I have a '57 Schwinn American 26" single speed bike with decent fenders and wondered if they would fit correctly on the three speed Corvette.

Thanks,
Jay


----------



## Jeff54 (May 18, 2016)

Alienbaby17 said:


> I'm trying to find a set of original fenders for a 1961 Corvette 26" bike with a three speed.
> 
> Will any middle weight Schwinn fenders work on this or do I need to find fenders from a three speed bike to fit correctly? I'm a little concerned about the front and rear racks on the Corvette fitting around the fenders correctly.
> 
> ...





They surely should Jay. all of the 26"  middle weight frames are the same size. However, Corvettes came with stainless steel while  American's were painted until 1963 which was chrome.  .  http://schwinncruisers.com/bikes/american/

1957:


----------



## Alienbaby17 (May 18, 2016)

Thanks for the reply, Jeff.

Interesting. The American I have has stainless fenders so maybe they are not stock?

I just went and looked at the American and the Corvette. Now I remember my other concern. The American is a single speed so it uses a coaster brake. The Corvette is a three speed so it has front and rear calipers that go over the fenders. I was wondering if the fenders need to be "dimpled" to clear the calipers???

Thoughts? I could just try it but the American is the last one in a row of bikes and I don't want to dig it out right now unless I can use the fenders.

Thanks,
Jay


----------



## Jeff54 (May 18, 2016)

Well no don't need to be dimpled but, I forgot. the only difference between the frames is whether it has a caliper brake fender stay, or regular.. The regular mounts  on the curved bracket with screw facing the tire. while on the flat up ward  caliper and fender bracket, the fender needs a right angle sticking up where mounted.

So, there's two different S-7 frames 2 and 3 -speed with caliper bracket, which can be found on single coaster brake bikes as well, and the standard obviously, only on coaster brake and potentially, 2-speed kick back. . . They should both measure about 2-1/2" across the fender bracket.

stainless eh, ya I been wondering bout that too as, I have a rattle painted 62, and appears to have been an Deluxe  American but, the catalogs list it as chrome.

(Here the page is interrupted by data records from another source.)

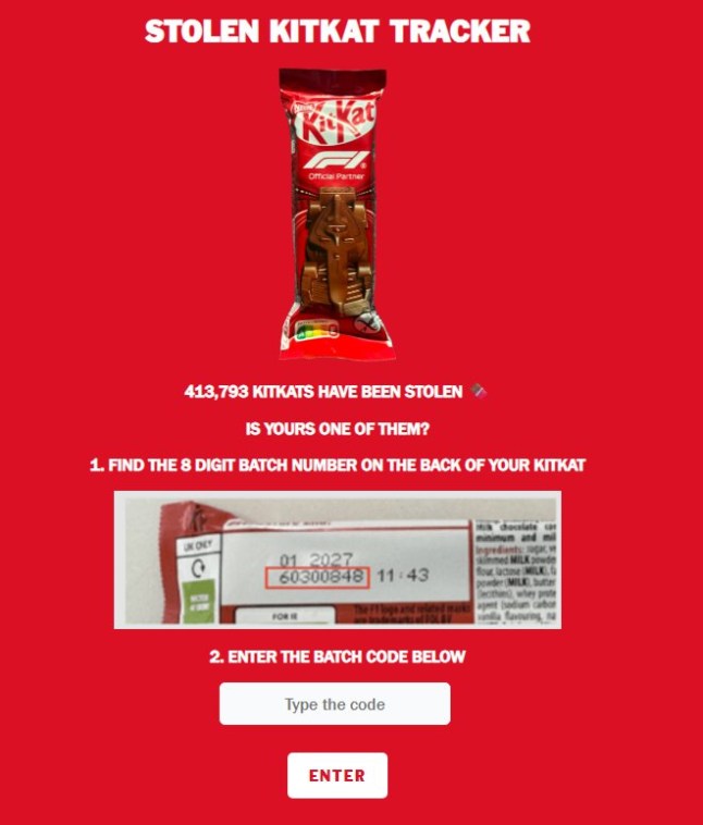 Start your day informed with Metro's News Updates newsletter or get Breaking News alerts the moment it happens.Jumping in on the action on Instagram,KitKat Canada quipped: ‘At least this shipment’s safe…’The clip showed one of brand’s distinctive lorries flanked with black vans on each side as well as ahead and behind it,with a driver of one security vehicle shown wearing dark sunglasses and talking into a radio.It was captioned with the line: ‘When the chocolate’s THIS good,you’ve got to call back up.’The video was released after Nestlé put out a humorous advert for ‘professional’ security guards,with the confectioner saying it was not ‘taking any more chances’.It said: ‘We’re seeking professional security guards with big break energy tojoin our team!’The advert adds that candidates must have ‘extensive’ experience in guarding ‘high-value,high-profile assets’.KitKat have also said they are looking to hire security guards to help protect ‘high-value,high-profile’ assets (Picture: Shutterstock)And,in another clever pun,they must have share a passion for both ‘taking breaks’ and ‘preventing break-ins’.‘Precious cargo needs protecting’,the notice finishes.The stolen lorry remains untraced,as Nestlé says it continues to work with local authorities and suppliers to track the missing shipment.Shops and treat lovers can use the unique batch code on their bar to see if it was bought on the black market.A ‘stolen KitKat tracker’ has been set up online for consumers and retailers to check their treat’s origins.The Swiss-based confectionery giant praised the thieves’ ‘exceptional taste’ but,on a more serious note,called on governments to do more to tackle retail fraud.Nestlé has set up an online stolen KitKat tracker for shoppers to check their bars (Picture: stolen KitKat Tracker)It said in a statement following the theft: ‘We’ve always encouraged people to have a break with KITKAT – but it seems thieves have taken the message too literally and made a break with more than 12 tonnes of our chocolate.‘Whilst we appreciate the criminals’ exceptional taste,the fact remains that cargo theft is an escalating issue for businesses of all sizes.‘With more sophisticated schemes being deployed on a regular basis,we have chosen to go public with our own experience in the hope that it raises awareness of an increasingly common criminal trend.’Get in touch with our news team by emailing us at .
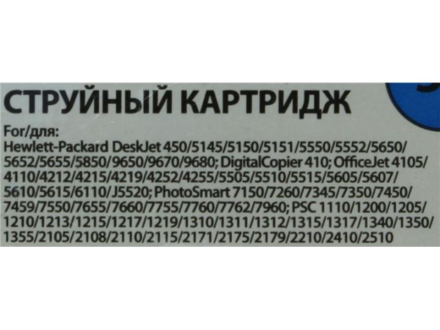 | Совместимость | HP Desk Jet 5150, 5850, 450CBi, 450wbt, 450Ci, HP DeskJet 5550, 450CBi, 5652, 9650, 9670, F4180 All-in-One, HP OfficeJet 6110, 4110 All-in-One, 5510 All-in-One, 4255 All-in-One, HP PhotoSmart 7150, 7350, 7550, 7260, 7660, 7760, 245, 145, 7960, 7450, HP PSC 2110, 2210, 1210, 2175, 1110 All-in-One, 1350 All-in-One, 2410 All-in-One, 1215 All-in-One, 1315 All-in-One |
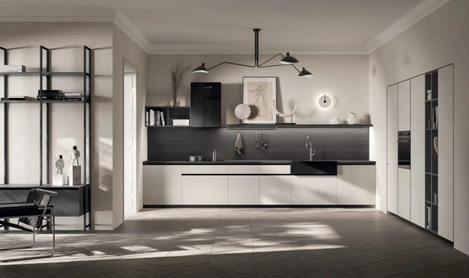 Scopri componibilità personalizzabile delle Cucine ad angolo Scavolini: la cucina Mira Home Matter e Gate Matter in melaminico ti sta aspettando!

I been wondering Because it's the regular curved bracket  that maybe it's a coaster brake  Jaguar or Corvette,  or not. Fenders may have been switched but it's got the right front fender  light and half chromed chain gaurd for an Deluxe American. One of these days I might have to sand down the rattle paint on chain guard too see.


----------



## GTs58 (May 18, 2016)

*There was a frame change!!* The 50's middleweight frames are different than the 60's frames and the rear fenders will not swap out. Been there tried that. I believe the frame change started with the 59 models and the top mounting hole in the rear fenders are 3/4" difference. Front makes no difference.


----------



## GTs58 (May 18, 2016)

Found one of my old pictures. It's hard to tell the frame bend difference from this shot, but trust me, it was quite substantial. A green 57 frame and a red 61 frame.


----------



## CrazyDave (May 18, 2016)

Older middleweight fenders are also wider by a noticeable amount....


----------



## GTs58 (May 18, 2016)

CrazyDave said:


> Older middleweight fenders are also wider by a noticeable amount....




All pretty much the same size until the 1963 models.


----------



## Jay81 (May 19, 2016)

Alienbaby17 said:


> I'm trying to find a set of original fenders for a 1961 Corvette 26" bike with a three speed.
> 
> Will any middle weight Schwinn fenders work on this or do I need to find fenders from a three speed bike to fit correctly? I'm a little concerned about the front and rear racks on the Corvette fitting around the fenders correctly.
> 
> ...



The three speed fenders will have mounting tabs and mount together with the brake calipers. The single speed fenders just have a mounting hole at the top with no tab. Also, if you're going for a stock appearance on the Corvette, they did not come with a rear rack from the factory.


----------



## Jeff54 (May 19, 2016)

GTs58 said:


> *There was a frame change!!* The 50's middleweight frames are different than the 60's frames and the rear fenders will not swap out. Been there tried that. I believe the frame change started with the 59 models and the top mounting hole in the rear fenders are 3/4" difference. Front makes no difference.





Huh, didn't know that. That photo indicates a *substantial* change too.


----------